As for me, I still have some muke issues, but I'm here to tell you something, folks. Remember how I referenced Diet Dr. Pepper as the Panacea of the Masses? I was wrong. That might be the Elixir of Life, but as far as Panaceas go, Robitussin is the way to go. Or, at least, the cheaper Target knock-off is the way to go. This stuff was like the sweat off Zeus' balls. I'd take a shot and instantly began to feel better. I could breathe without wheezing, I could blow my nose without threat of aneurysm, the sun shone brighter, sugar tasted sweeter and I farted rainbows. Actual, honest-to-God, pot of gold at the end rainbows. Fucking. Aye.
I'm still downing it every four hours. I'm not addicted. No. I'm not. It's just that the Precious needs me to drinks it every four hourses. Tricksy little hobbitses aren't going to steals it from us. Whoa. Sorry, there. I think the only problem with the Target knock-off of Robitussin is that it makes you go a little batshit crazy in the head. I mean, for a while on Saturday evening, it looked like Notre Dame had a functioning offense and defense, and we all know that's a fucking pipe dream.

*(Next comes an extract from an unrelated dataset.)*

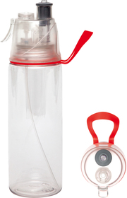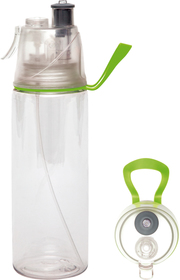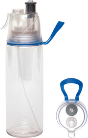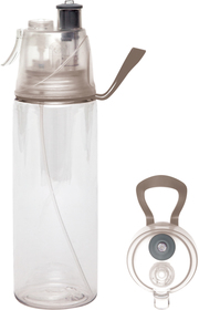 Ø 6,5 x 18 cm. Capacidad 550 ml. Plástico. Tapa plástica a rosca, boquilla deportiva engomada y rociador con gatillo que tira una suave lluvia. Correa de color.

Also, I highly recommend the cranberry-flavored ginger ale, not because it's a magical cure-all tonic, it just tastes really fucking good.
So now, hopefully, we're through the worst part of the illnesses. At least now three of us aren't lying around wondering if this is the end and telling Elizabeth that we're coming home. The Durham County Health Inspector came by and took down the Quarantine sign, so I take that as a step in the right direction. Although, it is still quite comical when all three of us cough at almost the exact same time. My home is beginning to smell like Lysol, bleach and pyrethrin (don't ask) and much less like a charnel house, which is a definite good thing. Unfortunately, my wife's pity has run out and now I am expected to become a functioning adult in the household with responsibilities, duties and chores. Damn.

And no, pervert, I still haven't had a chance to celebrate my anniversary. We might find a spare, disease-free moment sometime around February in between all the cleaning.

5 comments:

Jidai said...

Another post detailing what my life if going to be like in a few years...

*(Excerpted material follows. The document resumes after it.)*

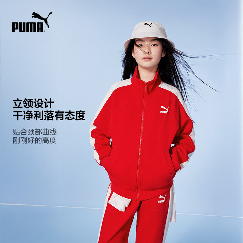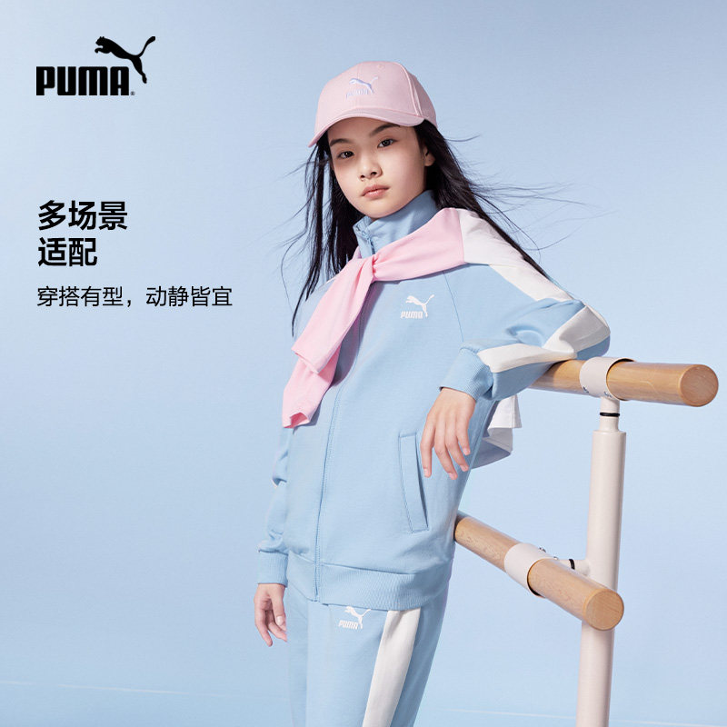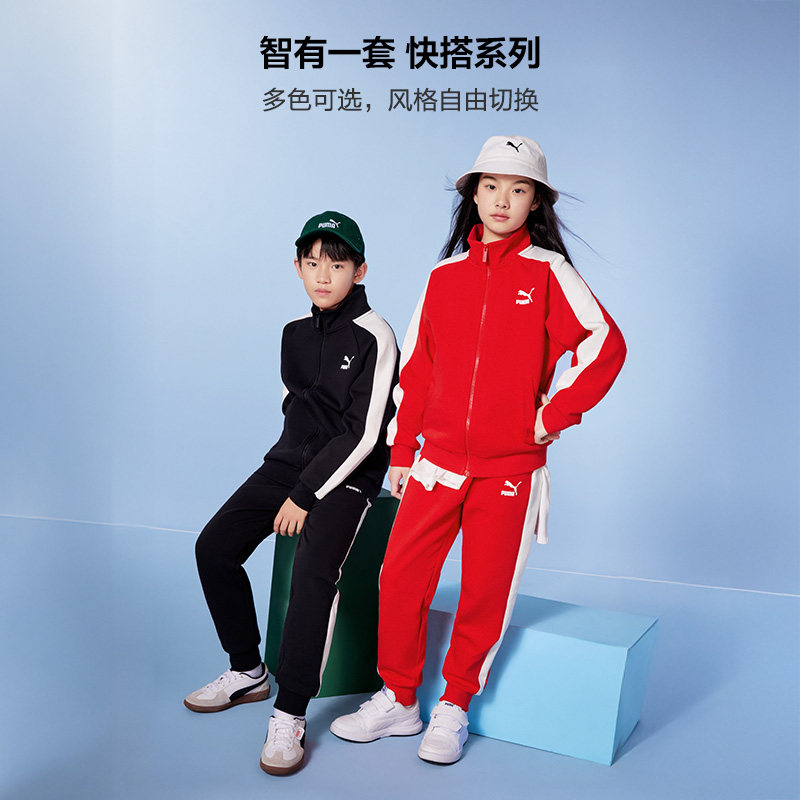 PUMA彪马童装儿童秋针织拉链外套休闲裤2件套T7复古运动潮流套装

Also, the word verification for this comment was "disesse." Close enough.

LYDIA said...

Yeah I hate when your spouse's pity runs out and you have to cook and clean again. Laying around on the couch watching tv is much more fun.

Gwen said...

My money says the whiskey kept your wife well. Slainte!

Rider said...

Let the record show: I would pay cash money for an energy drink called "The Sweat Off Zeus' Balls."

Lisa-tastrophies said...

Mjenks: I'm glad you are getting better. And yes, Target Brand Robitussin is THE SHIT!!!! Some times I take it just because....


And THANK YOU THANK YOU THANK YOU for the picture of Mike-oh-my-god-where-are-you-when-I-need-you Rowe. I can think of a few dirty jobs for him....oh sorry, I got a little distracted. :-0

Good to see the four horsemen will be left to ride again some other day.